The eye is a complex organ composed of distinct cell lineages. In recent years, we have successfully induced 2D eye-like organoids named SEAM (Self-formed Ectodermal Autonomous Multi-zone), consisting of various ocular cell lineages, such as corneal and retinal progenitor cells in a well-organized manner from human pluripotent stem cells (PSCs) (Hayashi R. Nature 2016). Furthermore, we established a method for isolating induced corneal cells, and in 2019, achieved the world's first successful transplantation of human PSC-derived corneal epithelial cells to treat patients with corneal epithelial stem cell deficiency.

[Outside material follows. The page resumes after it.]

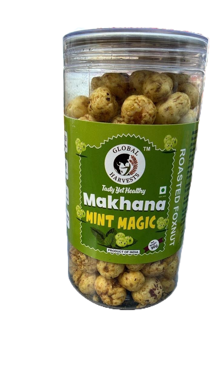 Global Harvests Makhana Mint Magic 90G offers a healthy and flavorful snacking experience. These popped lotus seeds, also known as fox nuts or makhana, are air-popped to a light and crispy texture. The “Mint Magic” flavor features a refreshing blend of mint and other complementary spices, providing a unique and invigorating taste. Makhana is naturally low in calories and fat, and a good source of protein and fiber, making it a guilt-free snack alternative to traditional chips or popcorn. This 90-gram pack is perfect for on-the-go snacking, adding to lunchboxes, or enjoying as a light and satisfying treat any time of day. It’s a delicious and healthy way to experience the traditional Indian snack, now with a modern and refreshing twist.
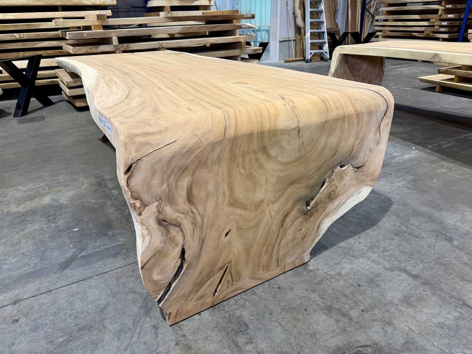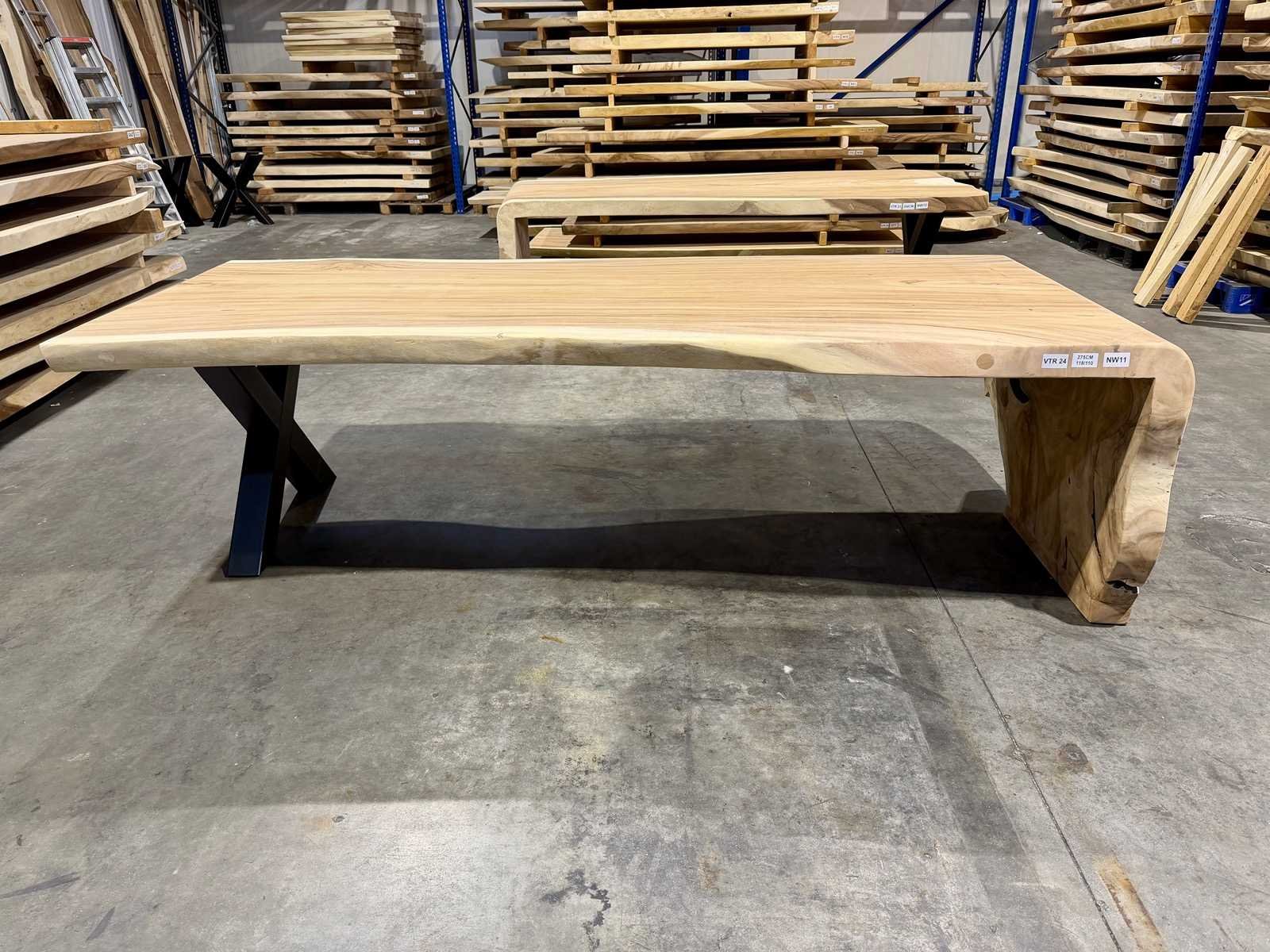 Unieke waterval tafel 8 cm. dik massief uit één stuk; 110/117 cm.; metalen X poot; onderstel wordt er los bijgeleverd; heftruck aanwezig. Zitplaatsen: 8 Lengte: 275cm Hoogte: 77cm Materiaal: suar

On the other hand, by utilizing SEAM as an organoid model for human eye development, we have investigated the mechanisms underlying the development of human ocular surface cells and successfully induced conjunctival epithelial tissues (Nomi K. Cell Rep 2021) and functional 3D lacrimal gland organoids from human PSCs (Hayashi R. Nature 2022).
BIO
Ryuhei Hayashi, a Professor at Osaka University Graduate School of Medicine, has been working on in vitro eye development using human pluripotent stem cells and application to regenerative medicine for the eye, particularly, for the ocular surface (Nature 2016, Nature Protoc. 2017, Sci Rep. 2018), and completed the world's first transplantation of iPS-derived corneal epithelium to the patients (2019-2022). And recently, conjunctival epithelium including goblet cells (Cell Rep. 2021, iScience 2023) and functional 3D lacrimal gland-like organoids (Nature 2022) were successfully induced from human PSCs by using the organoid technology.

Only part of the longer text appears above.